In 2015, France banned the use of WiFi in nursery schools. In Russia, scientists have advised that anyone under the age of 18 should not use a cell phone… the UK seems to be slow to follow suit.
One British doctor, Erica Mallery-Blythe, is hoping to change that with her grassroots organisation PHIRE (Physicians Health Initiative for Radiation and Environment). The website is replete with short videos, easy-to-understand diagrams and a wealth of studies to convince any parent to cut their kids exposure.
Why Children are More Vulnerable?
A five-year-old can absorb 60 percent more microwave radiation than an adult. According to Dr. Mallery-Blythe, children are more vulnerable to EMR exposure because:
- Children’s thinner skulls and smaller bones allow greater absorption into bone and deeper tissues
- Children’s brains can have higher water content and so absorb more radiation
- Children are smaller (a relatively higher proportion of their tissues may be closer to a point source)
- Children have more vulnerable developing systems (e.g. neurological/reproductive)
- Children have a longer time ahead for latent effects to manifest.
What You Can do When it Comes to Mobile Phones and Babies…
Despite the dangers of mobile phones and babies, I’m not deleting my Ocado app or living without Uber just yet.

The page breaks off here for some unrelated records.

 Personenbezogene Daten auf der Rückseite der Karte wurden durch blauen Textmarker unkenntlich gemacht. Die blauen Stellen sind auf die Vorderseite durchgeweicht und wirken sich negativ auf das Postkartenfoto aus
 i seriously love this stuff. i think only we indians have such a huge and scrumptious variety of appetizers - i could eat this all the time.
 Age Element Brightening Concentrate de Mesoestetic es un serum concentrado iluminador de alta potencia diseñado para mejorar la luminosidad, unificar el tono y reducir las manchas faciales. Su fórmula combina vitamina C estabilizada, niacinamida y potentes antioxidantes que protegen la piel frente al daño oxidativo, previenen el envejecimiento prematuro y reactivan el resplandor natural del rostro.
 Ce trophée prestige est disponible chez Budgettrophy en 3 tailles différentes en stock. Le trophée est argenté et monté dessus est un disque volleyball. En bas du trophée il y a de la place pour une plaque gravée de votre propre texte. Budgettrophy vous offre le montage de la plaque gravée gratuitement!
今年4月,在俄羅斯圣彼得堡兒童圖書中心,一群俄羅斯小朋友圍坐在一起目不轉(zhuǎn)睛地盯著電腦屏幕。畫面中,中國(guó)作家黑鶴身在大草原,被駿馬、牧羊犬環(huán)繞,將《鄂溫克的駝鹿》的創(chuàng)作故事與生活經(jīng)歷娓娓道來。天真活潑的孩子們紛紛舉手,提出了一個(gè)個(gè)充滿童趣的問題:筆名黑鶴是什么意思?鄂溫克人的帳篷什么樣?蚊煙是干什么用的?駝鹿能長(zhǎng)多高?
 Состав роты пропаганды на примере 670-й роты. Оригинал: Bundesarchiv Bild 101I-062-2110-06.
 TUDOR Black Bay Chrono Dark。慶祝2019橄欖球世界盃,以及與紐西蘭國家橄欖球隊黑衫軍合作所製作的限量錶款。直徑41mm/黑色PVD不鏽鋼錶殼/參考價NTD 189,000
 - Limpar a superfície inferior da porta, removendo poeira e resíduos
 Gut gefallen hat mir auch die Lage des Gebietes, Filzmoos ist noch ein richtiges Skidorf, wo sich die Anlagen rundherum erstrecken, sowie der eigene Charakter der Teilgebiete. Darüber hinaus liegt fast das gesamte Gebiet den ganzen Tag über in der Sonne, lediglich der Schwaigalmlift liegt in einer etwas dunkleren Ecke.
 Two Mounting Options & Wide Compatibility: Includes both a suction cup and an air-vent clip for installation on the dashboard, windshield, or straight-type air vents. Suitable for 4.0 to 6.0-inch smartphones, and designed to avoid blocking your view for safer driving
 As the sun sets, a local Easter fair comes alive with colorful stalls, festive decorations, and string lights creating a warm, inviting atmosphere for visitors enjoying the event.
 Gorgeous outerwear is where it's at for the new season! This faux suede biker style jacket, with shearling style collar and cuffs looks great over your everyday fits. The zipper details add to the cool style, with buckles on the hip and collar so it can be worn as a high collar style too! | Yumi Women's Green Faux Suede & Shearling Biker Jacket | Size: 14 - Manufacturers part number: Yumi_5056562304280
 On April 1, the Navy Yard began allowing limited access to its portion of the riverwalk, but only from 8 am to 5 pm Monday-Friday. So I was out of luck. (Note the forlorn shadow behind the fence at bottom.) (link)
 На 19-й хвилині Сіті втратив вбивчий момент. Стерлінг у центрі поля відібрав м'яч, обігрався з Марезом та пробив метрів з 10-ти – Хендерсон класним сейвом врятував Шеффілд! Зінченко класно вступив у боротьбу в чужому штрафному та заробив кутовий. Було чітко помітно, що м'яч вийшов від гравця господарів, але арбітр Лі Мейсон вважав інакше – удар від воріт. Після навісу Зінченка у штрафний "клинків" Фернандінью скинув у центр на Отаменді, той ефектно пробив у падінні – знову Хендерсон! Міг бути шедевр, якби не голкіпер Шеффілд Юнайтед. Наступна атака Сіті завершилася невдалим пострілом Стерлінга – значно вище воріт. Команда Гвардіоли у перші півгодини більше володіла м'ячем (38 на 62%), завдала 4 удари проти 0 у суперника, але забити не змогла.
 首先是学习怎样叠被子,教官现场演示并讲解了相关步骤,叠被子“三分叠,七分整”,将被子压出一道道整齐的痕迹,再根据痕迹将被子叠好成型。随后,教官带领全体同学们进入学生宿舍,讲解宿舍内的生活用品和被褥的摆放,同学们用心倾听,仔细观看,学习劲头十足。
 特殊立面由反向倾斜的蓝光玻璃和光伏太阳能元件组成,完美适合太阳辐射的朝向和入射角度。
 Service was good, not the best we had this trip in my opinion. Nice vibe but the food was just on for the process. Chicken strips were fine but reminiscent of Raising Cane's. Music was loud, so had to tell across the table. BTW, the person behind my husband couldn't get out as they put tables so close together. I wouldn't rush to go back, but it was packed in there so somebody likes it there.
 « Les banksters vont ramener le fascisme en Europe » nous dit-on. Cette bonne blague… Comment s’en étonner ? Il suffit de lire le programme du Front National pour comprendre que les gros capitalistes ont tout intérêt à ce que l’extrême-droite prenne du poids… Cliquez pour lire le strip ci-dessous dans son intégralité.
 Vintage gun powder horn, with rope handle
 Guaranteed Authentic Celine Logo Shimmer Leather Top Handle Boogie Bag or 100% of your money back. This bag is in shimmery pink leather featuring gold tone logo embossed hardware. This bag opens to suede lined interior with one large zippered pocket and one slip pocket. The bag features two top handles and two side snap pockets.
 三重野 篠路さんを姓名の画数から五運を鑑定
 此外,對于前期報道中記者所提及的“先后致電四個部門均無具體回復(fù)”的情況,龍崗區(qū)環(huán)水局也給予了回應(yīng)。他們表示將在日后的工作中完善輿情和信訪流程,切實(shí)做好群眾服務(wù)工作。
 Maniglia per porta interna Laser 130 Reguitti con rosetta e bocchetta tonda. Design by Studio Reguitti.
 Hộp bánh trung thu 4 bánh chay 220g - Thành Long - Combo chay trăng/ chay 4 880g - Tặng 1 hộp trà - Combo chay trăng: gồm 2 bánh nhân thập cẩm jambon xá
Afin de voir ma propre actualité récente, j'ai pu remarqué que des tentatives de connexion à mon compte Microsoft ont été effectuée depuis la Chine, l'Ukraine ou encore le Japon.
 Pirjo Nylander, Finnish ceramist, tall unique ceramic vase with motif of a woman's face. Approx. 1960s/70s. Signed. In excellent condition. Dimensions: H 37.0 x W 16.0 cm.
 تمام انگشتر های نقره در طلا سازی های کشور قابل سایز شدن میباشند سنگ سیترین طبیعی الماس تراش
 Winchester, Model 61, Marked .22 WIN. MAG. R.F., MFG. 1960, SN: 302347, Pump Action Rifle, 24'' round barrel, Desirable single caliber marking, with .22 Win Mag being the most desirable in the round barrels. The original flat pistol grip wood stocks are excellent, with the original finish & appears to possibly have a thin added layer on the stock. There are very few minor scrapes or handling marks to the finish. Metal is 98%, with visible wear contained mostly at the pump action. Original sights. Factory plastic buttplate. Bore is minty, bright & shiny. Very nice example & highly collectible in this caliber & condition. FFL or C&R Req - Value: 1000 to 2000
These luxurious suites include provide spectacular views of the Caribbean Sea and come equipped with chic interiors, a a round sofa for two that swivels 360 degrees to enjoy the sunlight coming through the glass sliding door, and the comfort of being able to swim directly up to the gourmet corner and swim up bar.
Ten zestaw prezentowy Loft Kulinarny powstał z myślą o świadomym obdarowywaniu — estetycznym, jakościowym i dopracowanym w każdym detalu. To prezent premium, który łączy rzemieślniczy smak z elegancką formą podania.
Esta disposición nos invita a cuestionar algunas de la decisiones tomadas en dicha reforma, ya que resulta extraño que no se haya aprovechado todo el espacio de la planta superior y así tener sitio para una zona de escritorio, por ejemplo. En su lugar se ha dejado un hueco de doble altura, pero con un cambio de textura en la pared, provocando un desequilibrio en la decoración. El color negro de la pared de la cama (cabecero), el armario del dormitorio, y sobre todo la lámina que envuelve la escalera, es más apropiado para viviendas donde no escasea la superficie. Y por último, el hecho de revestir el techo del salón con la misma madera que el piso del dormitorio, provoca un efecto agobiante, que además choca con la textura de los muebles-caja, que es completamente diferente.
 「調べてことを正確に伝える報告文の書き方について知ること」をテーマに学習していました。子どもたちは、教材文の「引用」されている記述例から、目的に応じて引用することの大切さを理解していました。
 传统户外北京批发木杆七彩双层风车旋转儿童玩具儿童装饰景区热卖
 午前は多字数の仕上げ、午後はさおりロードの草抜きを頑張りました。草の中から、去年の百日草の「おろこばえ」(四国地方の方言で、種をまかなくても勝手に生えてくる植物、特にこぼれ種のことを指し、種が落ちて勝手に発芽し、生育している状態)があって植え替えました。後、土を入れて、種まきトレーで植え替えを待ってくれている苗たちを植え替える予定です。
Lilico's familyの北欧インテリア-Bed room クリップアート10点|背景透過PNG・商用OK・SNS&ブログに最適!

So what’s the middle ground? Unless you choose to go ‘off grid’ and live in a converted caravan, most of us will need to focus on minimising mobile/WiFi use rather than removing it entirely. Thankfully there are some simple changes you can make that will dramatically cut your exposure.
* Invest in an anti-radiation WaveWall cover for your phone
* Buy a low emissions or no emissions baby monitor
* Keep your mobile as far away from you and your baby as possible. The iPhone 4 Important Product Information Guide states that you should keep your phone at least 15mm away from your body at all times, otherwise the legal guidelines for mobile radiation will be exceeded.
* Download your e-mail and then disconnect from WiFi, allowing you to read and respond without being exposed.
* Avoid using your phone while you are on the move.
* Cover your baby with a radiation shielding blanket from Radiasmart.com.au when travelling (to avoid cosmic radiation) or to protect yourself when working on a laptop.
* If you work from home, install an Ethernet cable to your main computer so you can switch the WiFi off (as I have done).
* Say no to smart meters from your utility companies. Smart meters can expose the body to 160x to 800x times as much microwave radiation as mobile phones.
* Only use your phone where the reception is good. The weaker the signal, the more power your phone must use to transmit – leading to more radiation.